Although dissociated neurones maintained prominent INaTs showing the properties expected for this current type, they appeared to be devoid of any INaR component. In 0 of 9 cells recorded in extracellular solution A and 12 cells recorded in solution B was a measurable INaR observed in response to the INaR activation protocol (Fig. 3B; see also Supplemental Fig. B, panel A). As the clamp control of INaT was most often imperfect in slices, but normally much better in dissociated neurones, it could be hypothesized that INaR is differently detected in the two neuronal preparations as a consequence of clamp artefacts. In particular, if the depolarizing pulse of the INaR activation protocol locally elicits an unclamped spike, instead of a well-clamped current, an extra depolarization could be generated in some region of the membrane, thus enhancing channel inactivation and the resurgence mechanism. Such an effect could make INaR emerge more clearly in the poorly clamped intact neurones than in the better-clamped dissociated cells. To compensate for such a possible source of error, in dissociated cells a modified INaR activation protocol was also run in which a double step pulse at +24.3 mV (2 ms) and −5.7 mV (17 ms) was applied to elicit INaT, instead of a single 19 ms step at −5.7 mV (see Supplemental Fig. B, panel B1). The step at +24.3 mV (a level similar to that of AP peak: see Fig. 2Aa) was delivered to mimic the extra depolarization that could be produced in intact neurones by an unclamped spike triggered by the depolarizing step at −5.7 mV. Also when commanding this protocol, however, no detectable INaR could be revealed in dissociated neurones (n = 7; see Supplemental Fig. B, panel B2).

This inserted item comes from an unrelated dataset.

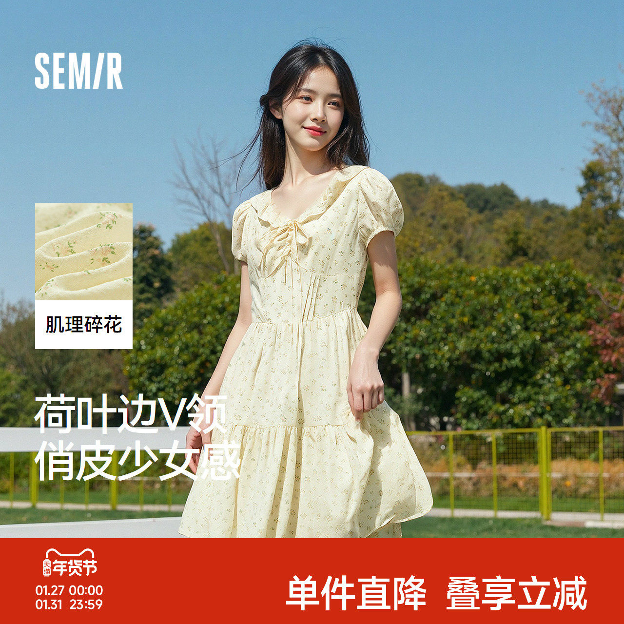 森马连衣裙女荷叶边V领2025新款肌理碎花裙浅春系Dress in light

Three hypotheses can be considered to explain INaR absence in dissociated neurones: (1) the enzymatic treatment used for the dissociation procedure may modify Na+ channels making them unable to generate the INaR component; (2) the dissociation procedure may cause modifications of the intracellular environment affecting Na+ channels and resulting in INaR abolishment; (3) Na+ channels responsible for INaR generation may be specifically located in a membrane compartment that is lost after cell dissociation, i.e. the axon or distal dendrites. To test hypothesis 1, we used the same dissociation procedure adopted for PRC neurones to prepare dissociated Purkinje cells from cerebellar cortex, a cell type that provides a suitable positive control. Indeed, INaR is known to be present in Purkinje cells acutely isolated using a dissociation procedure different from the one we employed (Raman & Bean, 1997), as well as in excised patches from Purkinje cell somata (Grieco et al. 2002). We found that prominent INaR components were maintained in dissociated Purkinje cells (n = 8 out of 8 cells) (Fig. 3C). Average INaR peak amplitude was −269.5 ± 37.5 pA in absolute terms, and 0.045 ± 0.004 relative to peak INaT amplitude (n = 8). These results suggest that enzymatic alterations of Na+ channels are not responsible for INaR absence in dissociated PRC neurones.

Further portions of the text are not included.